Public servants' average earnings increased by 5.5 per cent in the year to June, with local authority and city council workers experiencing the biggest pay rises.
Average weekly public sector earnings, excluding those in the health sector, were €838.32 in the period, according to figures released yesterday by the Central Statistics Office (CSO). This compares with €794.26 at the end of June 2004.
Those working in regional bodies such as local authorities and councils saw their average weekly earnings increase to €720.92 in the period from €666.64 a year earlier.
While the average pay received by Garda officers fell 3.7 per cent in the period, they still remain the second-highest paid of all public sector workers behind prison officers, according to the CSO figures.

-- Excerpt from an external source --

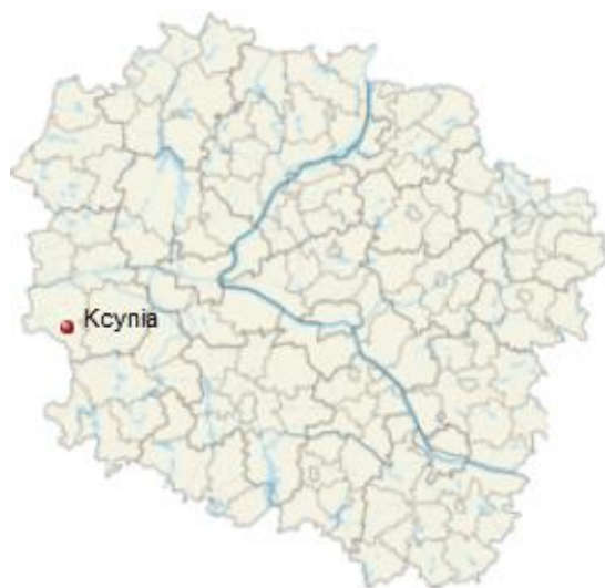
Rysunek 2: Położenie Kcyni na mapie województwa 13

Kcynia to miasto w województwie kujawsko-pomorskim, w powiecie nakielskim, siedziba miejsko-wiejskiej gminy Kcynia. Leży w regionie historyczno-geograficznym zwanym Pałukami i jest uznawana za jedną z jego historycznych stolic. Obecnie stanowi ośrodek rolniczo-usługowy na Pojezierzu Gnieźnieńskim, na pld.-zach. od Bydgoszczy 14 .

The number of people employed in the public sector increased by 8,400 to 350,100. Excluding the health service, 249,200 were employed in the public sector.
The number employed in education increased by 5 per cent to 91,100, while employment in the health sector rose by 3.3 per cent to 100,900. The number employed in the semi-state sector fell 1.4 per cent to 57,300.
Mark Fielding, chief executive of business group Isme, likened the high levels of public sector pay to a noose around the neck of the exchequer that was strangling public finances. He said the figures put pay to the lie voiced by public sector unions that their wages had fallen behind.
The average wage in the public sector was now €43,593, Mr Fielding said, 45 per cent more than the average industrial wage and 95 per cent ahead of the average wage in the small and medium enterprise sector.